ЧТО ОЗНАЧАЕТ PLUS ULTRA ФРЭНСИСА БЭКОНА

Второй наиболее часто встречающийся ответ на предположение, что наука идет к концу, — после «вот что они думали в конце прошлого столетия» — это старая максима «ответы рождают новые вопросы». В своей работе «Пролегомены к любой будущей метафизике» Кант писал, что «любой ответ, данный на принципе опыта, порождает новый вопрос, который также требует ответа и таким образом ясно показывает недостаточность всех физических типов объяснения, чтобы удовлетворить разум». Но Кант также предположил (предвидя аргументы Гюнтера Стента), что внутренняя структура наших умов сдерживает и вопросы, которые мы ставим природе, и ответы, которые мы из нее вытягиваем.

Конечно, наука продолжит ставить новые вопросы. Большинство из них тривиальны, потому что касаются деталей, которые не влияют на наше базовое понимание природы. Кого, кроме специалистов, на самом деле волнует точная масса кварков, существование которых было окончательно подтверждено в 1994 году в результате исследования, стоившего миллиарды долларов? Есть другие вопросы — глубокие, но не имеющие ответов. Фактически, наиболее часто встречающимся фоном для конца науки — достижения удовлетворяющей всех теории, о которой мечтают Роджер Пенроуз и другие, — является способность человека изобретать вопросы, на которые не найти ответов. В случае представления ценной теории, объясняющей всё, кто-нибудь всегда может спросить (и спросит): откуда мы знаем, что кварки и даже суперструны (в маловероятном случае, если в один прекрасный день докажут их существование) не состоят из еще более мелких сущностей — и так до бесконечности? Откуда мы знаем, что видимая Вселенная не является одной из бесконечного числа вселенных? Была наша Вселенная необходима или это космическая счастливая случайность? А как насчет жизни? Способны ли компьютеры на разумную мысль? А амебы?
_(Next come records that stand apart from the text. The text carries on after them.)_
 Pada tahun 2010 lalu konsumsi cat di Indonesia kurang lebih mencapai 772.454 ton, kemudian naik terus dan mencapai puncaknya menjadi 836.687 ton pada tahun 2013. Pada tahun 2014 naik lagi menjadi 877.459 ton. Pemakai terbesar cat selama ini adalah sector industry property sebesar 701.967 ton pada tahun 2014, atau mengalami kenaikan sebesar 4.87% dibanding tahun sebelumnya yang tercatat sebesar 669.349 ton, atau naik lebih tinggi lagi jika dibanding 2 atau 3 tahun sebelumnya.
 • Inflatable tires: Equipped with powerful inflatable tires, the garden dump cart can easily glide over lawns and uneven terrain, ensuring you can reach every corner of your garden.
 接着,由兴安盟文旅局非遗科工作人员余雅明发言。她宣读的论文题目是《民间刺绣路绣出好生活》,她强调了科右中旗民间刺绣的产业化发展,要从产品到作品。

Независимо от того, как далеко зайдет эмпирическая наука, наше воображение всегда может зайти дальше. Это самое серьезное препятствие надеждам — и страхам — ученых, что мы найдем Ответ, теорию, которая навсегда удовлетворит наше любопытство. Фрэнсис Бэкон, один из основателей современной науки, выразил свою веру в потенциал науки латинской фразой plus ultra или «еще дальше вперед» [30]. Но plus ultra не относится непосредственно к науке per se (само по себе, по сути, лат. — Пер.), которая является сильно ограниченным методом исследования природы. Plus ultra относится, скорее, к нашему воображению. Хотя наше воображение сдерживается нашей эволюционной историей, оно всегда сможет вырваться за пределы того, что мы достоверно знаем.
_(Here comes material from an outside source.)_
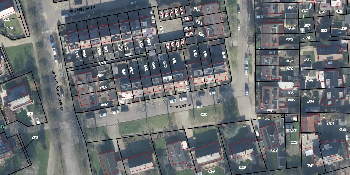 Het perceel waarop Tromplaan 14 staat heeft een oppervlakte van 220 m². Dit is een middelgroot perceel. De perceeloppervlakte wordt geregistreerd door het Kadaster. Gedetailleerde informatie over de maten van dit perceel kunt u vinden in het rapport Kadastrale kaart met maatvoering van Tromplaan 14.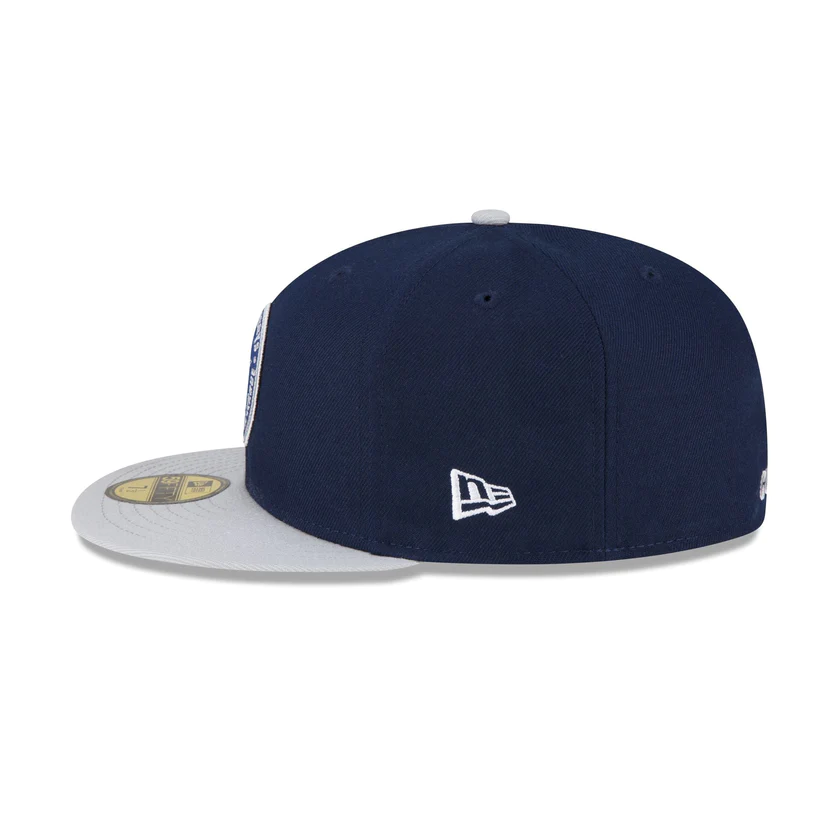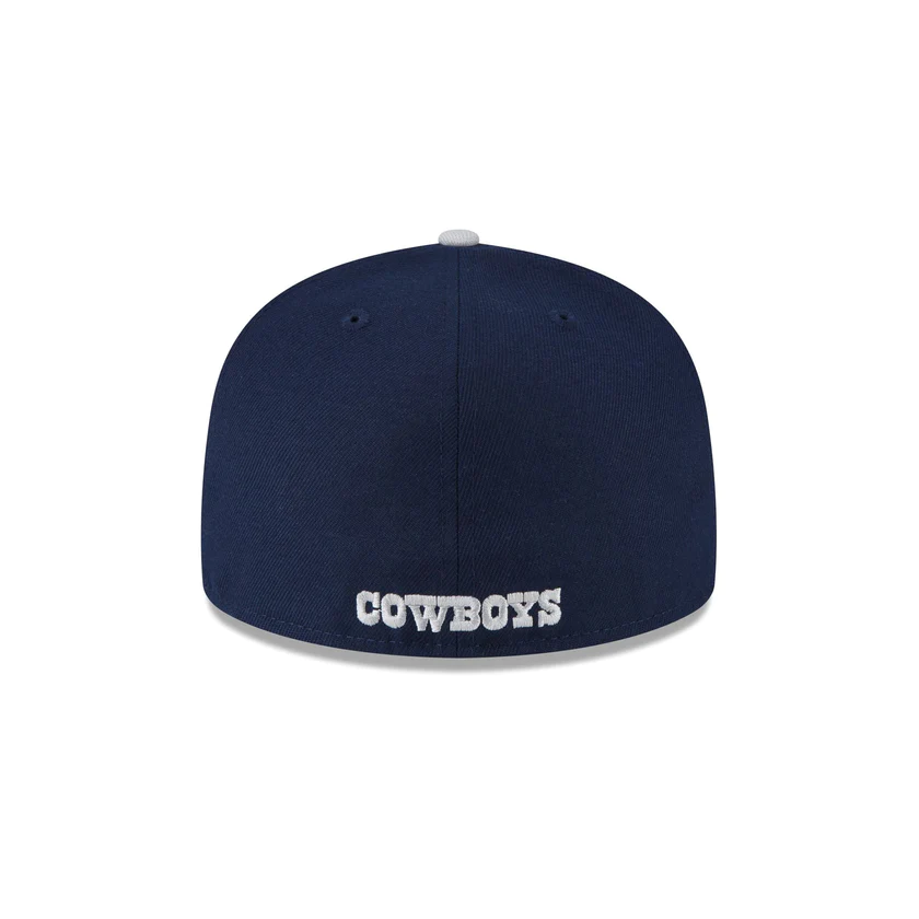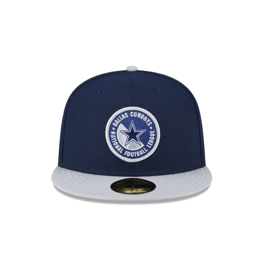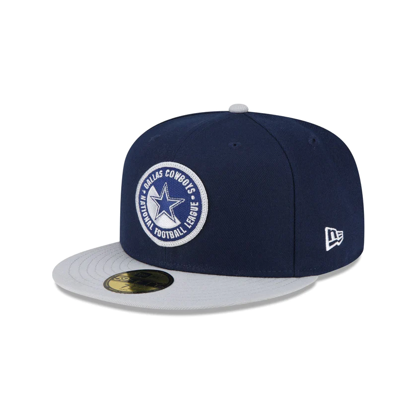 The Dallas Cowboys 2023 Sideline Team Patch 59FIFTY Fitted Cap features an embroidered Dallas Cowboys patch at the front panels with a matching NFL Shield at the right-wear side. Additional details include a team wordmark at the rear and a gray undervisor.

Даже в «новой Полинезии», предполагал Гюнтер Стент, несколько настойчивых лиц будут пытаться преодолеть полученную мудрость. Стент назвал этих правдоискателей фаустианцами (он заимствовал термин у Освальда Шпенглера). Я называю их сильными учеными (термин, который я взял в «Беспокойстве влияния» Гарольда Блума). Ставя вопросы, на которые наука не может ответить, сильные ученые могут продолжать поиск знаний в гипотетическом режиме, который я называю иронической наукой, даже после того, как эмпирической науке — науке, которая отвечает на вопросы, — придет конец.
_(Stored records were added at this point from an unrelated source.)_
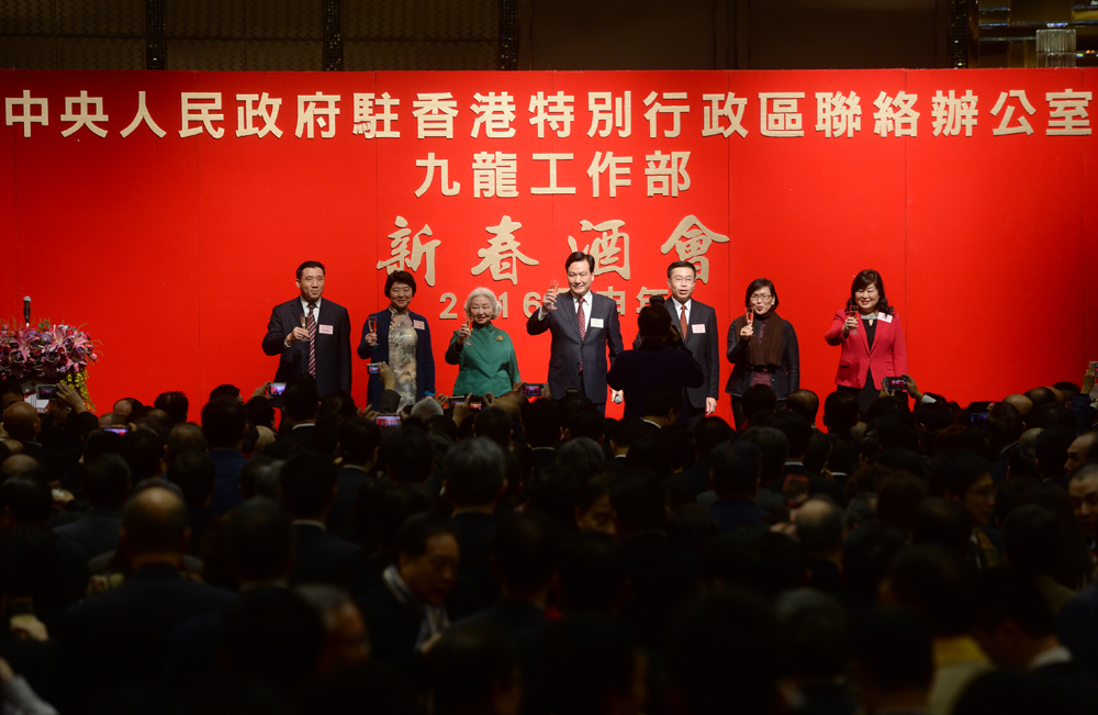 中聯辦九龍工作部昨日舉行新春酒會,九龍工作部部長何靖和其他三位副部長王小靈、盧寧、劉國強陪同主禮嘉賓出席酒會。港區全國人大代表、全國政協委員、立法會議員,以及九龍各主要社團領袖,逾千人齊賀新春。酒會現場充滿了喜慶、熱烈、友好、祥和的氣氛。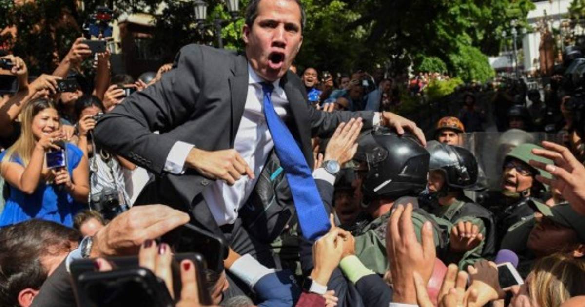 La caótica llegada de Juan Guaidó al Parlamento para su juramentación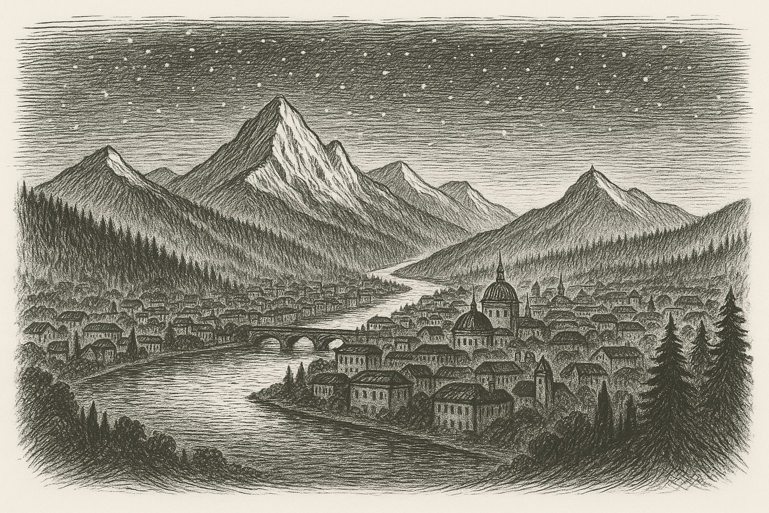 Words etched in shadow, rising like memory into the night. The mountains hold their breath. The stars bear witness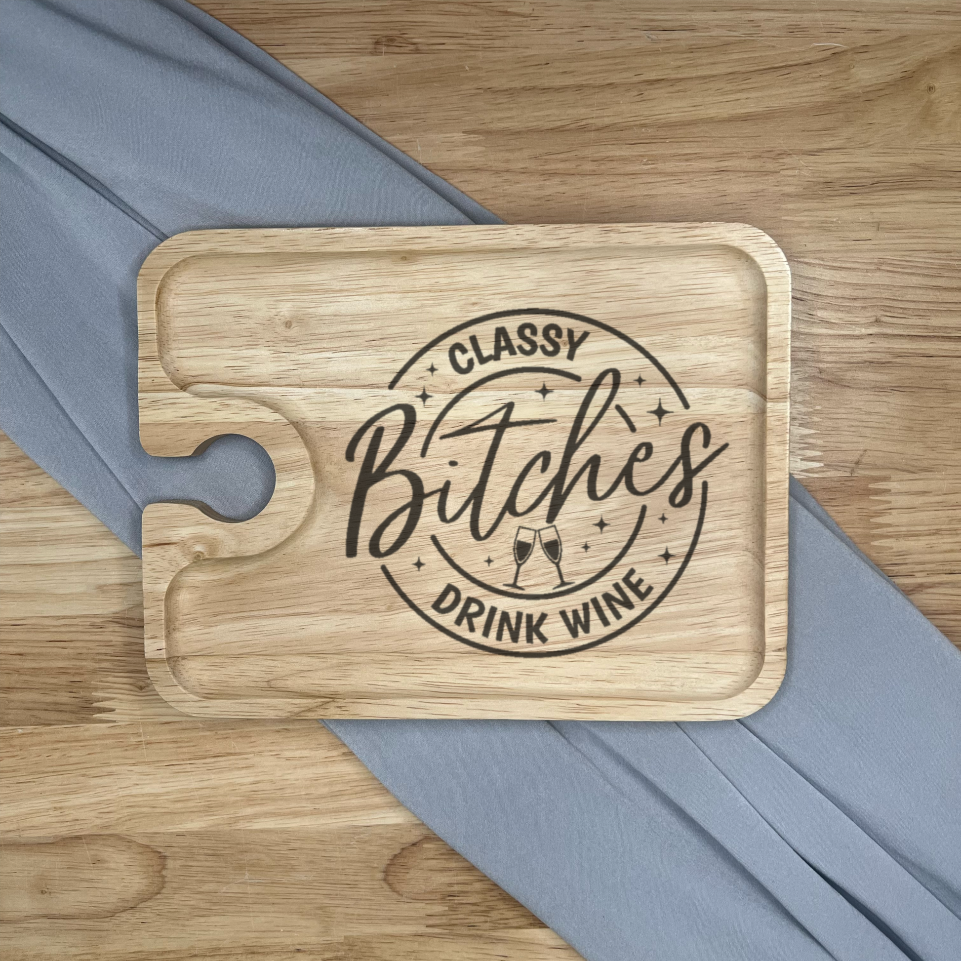 Wooden wine and nibbles tray with laser engraved on the top 'Classy Bitches Drink Wine'. The tray has a cut out for a glass stem to fit into.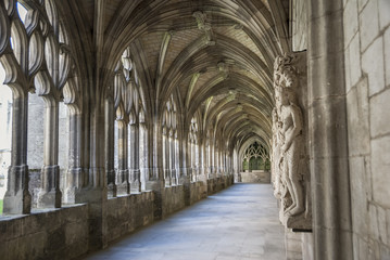 The Stone of Remembrance at the Commonwealth War Graves Commissions (CWGC) Brown's Copse Cemetery in Northen France on a snowy winters morning.

Поэт Джон Китс придумал термин «негативная способность» для описания способности некоторых великих поэтов оставаться «в неуверенности, тайнах, сомнениях без раздражающего стремления к фактам и разуму». В качестве примера Китс привел своего современника Сэмюэля Колриджа, который «опустит прекрасное изолированное правдоподобие, пойманное в святилище тайны, из-за невозможности оставаться довольным половинчатым знанием» [31]. Самой важной функцией иронической науки является служение негативной способности человечества. Ироническая наука, поднимая вопросы, на которые нет ответов, напоминает нам, во-первых, что все наши знания половинчаты, и, во-вторых, о том, как мало мы знаем. Но ироническая наука не делает никакого значительного вклада в сами знания. Таким образом, ироническая наука менее схожа с наукой в традиционном смысле, чем с литературной критикой — или философией.